*** Opening Material to process ***

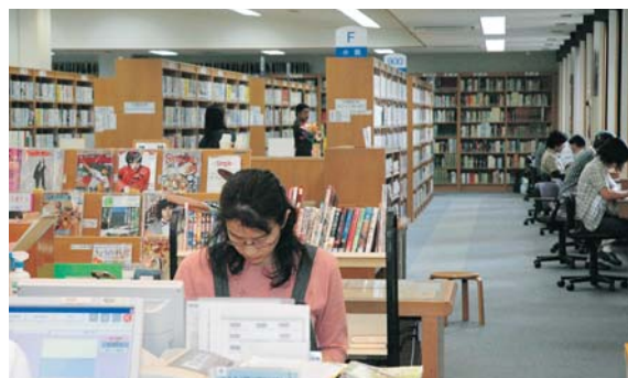
約18万冊の本があります

体の不自由な方に、できる限り身近なところで利用いただくため、市内の連絡所で貸出・返却サービスを行っています。
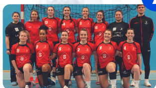
Équipe Seniors féminines ALC Handball
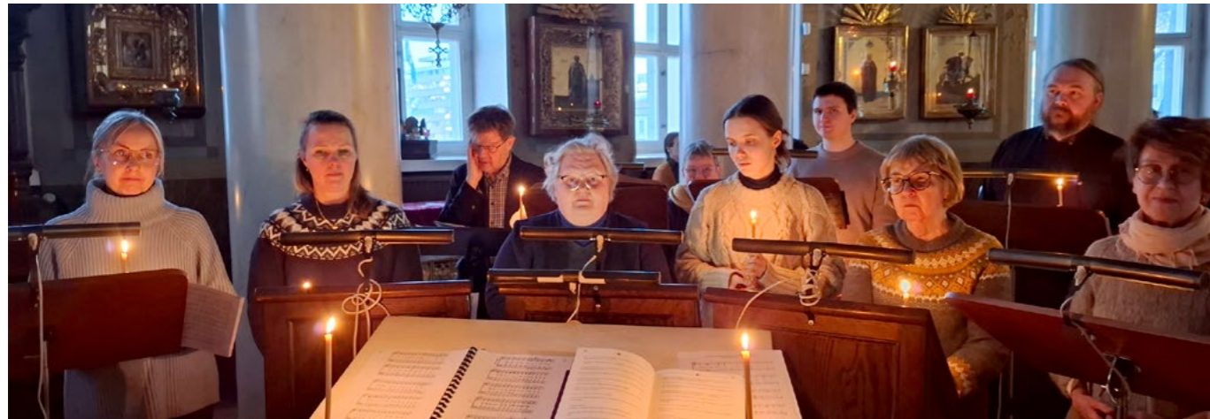
Kirkkokuorolaisia laulamassa katumuskanonia pyhän Aleksandran kirkossa.
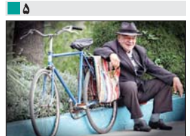
۵ دنیا را برای لحظه ای بدون تو نمی خواهم پدر

سیحانی ، مدیرعامل فولاد مبارکه در جمع خبرنگاران مطرح کرد:
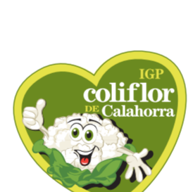
Coliflor de Calahorra (IGP) LA RIOJA
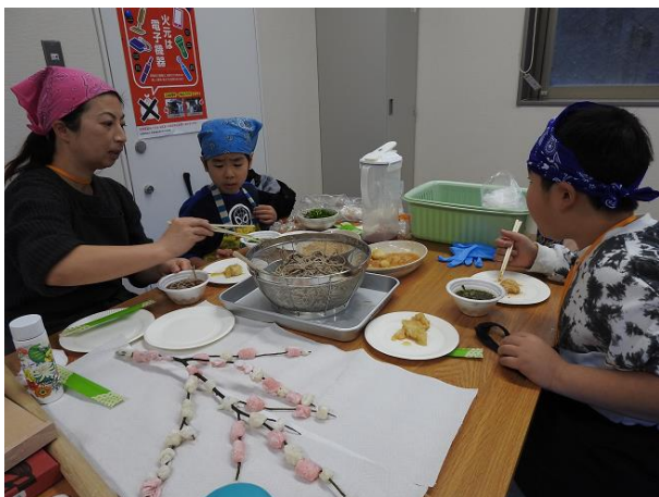
【いただきます！ そばもちも美味しい！ 大人も子どもも大満足です】
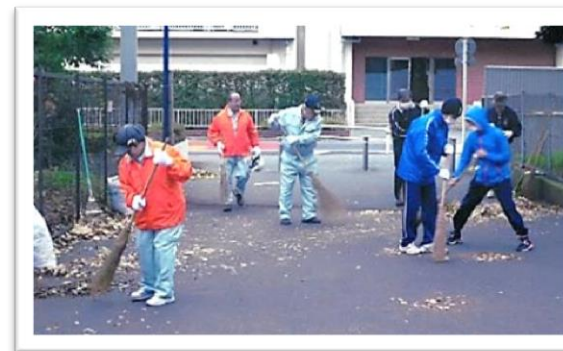
わたしたちのまちをきれいにします。

毎年 12 月 1 日～12 月 31 日に実施される募金です。町会・自治会やボランティア団体などの地域活動のために使われます。
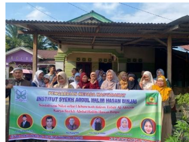
Gambar 3. Foto bersama setelah pelaksanaan kegiatan sosialisasi

Evaluasi melalui post-test menunjukkan peningkatan signifikan: sekitar 80% peserta mampu menjawab dengan benar pertanyaan mengenai prinsip ekonomi syariah dan praktik pengelolaan keuangan rumah tangga sesuai syariah. Wawancara singkat pasca kegiatan juga mengungkapkan bahwa ibu-ibu merasa termotivasi untuk lebih disiplin dalam mencatat arus keuangan keluarga dan mulai mempertimbangkan layanan keuangan syariah sebagai alternatif. Sebagai bentuk tindak lanjut, telah dibentuk grup WhatsApp yang diikuti oleh seluruh peserta. Grup ini berfungsi sebagai ruang berbagi pengalaman, bertanya mengenai praktik ekonomi syariah, serta wadah koordinasi untuk kegiatan lanjutan. Dalam dua minggu pertama pasca kegiatan, grup sudah aktif digunakan untuk diskusi mengenai produk tabungan syariah, tips belanja hemat, serta peluang usaha kecil berbasis syariah.
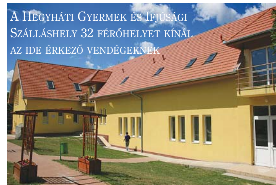
A HEGYHÁTI GYERMEK ÉS IFJÚSÁGI SZÁLLÁSHELY 32 FÉRŐHELYET KÍNÁL AZ IDE ÉRKEZŐ VENDÉGEKNEK

A Vendégház épületében található a Rendezvény- és Konferenciaközpont, mely különálló vizesblokkal és büféhelyiséggel szolgálja az ide érkezőket. A rendezvényterem 100 fő befogadására alkalmas.

*** Closing Material to process ***

- _Task item_
Copy out exactly the lines from the one with "Équipe Seniors féminines ALC Handball" through the end of the listing, both ends included, omitting any picture.

- _Exercise answer_
Équipe Seniors féminines ALC Handball
Kirkkokuorolaisia laulamassa katumuskanonia pyhän Aleksandran kirkossa.
۵ دنیا را برای لحظه ای بدون تو نمی خواهم پدر

سیحانی ، مدیرعامل فولاد مبارکه در جمع خبرنگاران مطرح کرد:
Coliflor de Calahorra (IGP) LA RIOJA
【いただきます！ そばもちも美味しい！ 大人も子どもも大満足です】
わたしたちのまちをきれいにします。

毎年 12 月 1 日～12 月 31 日に実施される募金です。町会・自治会やボランティア団体などの地域活動のために使われます。
Gambar 3. Foto bersama setelah pelaksanaan kegiatan sosialisasi

Evaluasi melalui post-test menunjukkan peningkatan signifikan: sekitar 80% peserta mampu menjawab dengan benar pertanyaan mengenai prinsip ekonomi syariah dan praktik pengelolaan keuangan rumah tangga sesuai syariah. Wawancara singkat pasca kegiatan juga mengungkapkan bahwa ibu-ibu merasa termotivasi untuk lebih disiplin dalam mencatat arus keuangan keluarga dan mulai mempertimbangkan layanan keuangan syariah sebagai alternatif. Sebagai bentuk tindak lanjut, telah dibentuk grup WhatsApp yang diikuti oleh seluruh peserta. Grup ini berfungsi sebagai ruang berbagi pengalaman, bertanya mengenai praktik ekonomi syariah, serta wadah koordinasi untuk kegiatan lanjutan. Dalam dua minggu pertama pasca kegiatan, grup sudah aktif digunakan untuk diskusi mengenai produk tabungan syariah, tips belanja hemat, serta peluang usaha kecil berbasis syariah.
A HEGYHÁTI GYERMEK ÉS IFJÚSÁGI SZÁLLÁSHELY 32 FÉRŐHELYET KÍNÁL AZ IDE ÉRKEZŐ VENDÉGEKNEK

A Vendégház épületében található a Rendezvény- és Konferenciaközpont, mely különálló vizesblokkal és büféhelyiséggel szolgálja az ide érkezőket. A rendezvényterem 100 fő befogadására alkalmas.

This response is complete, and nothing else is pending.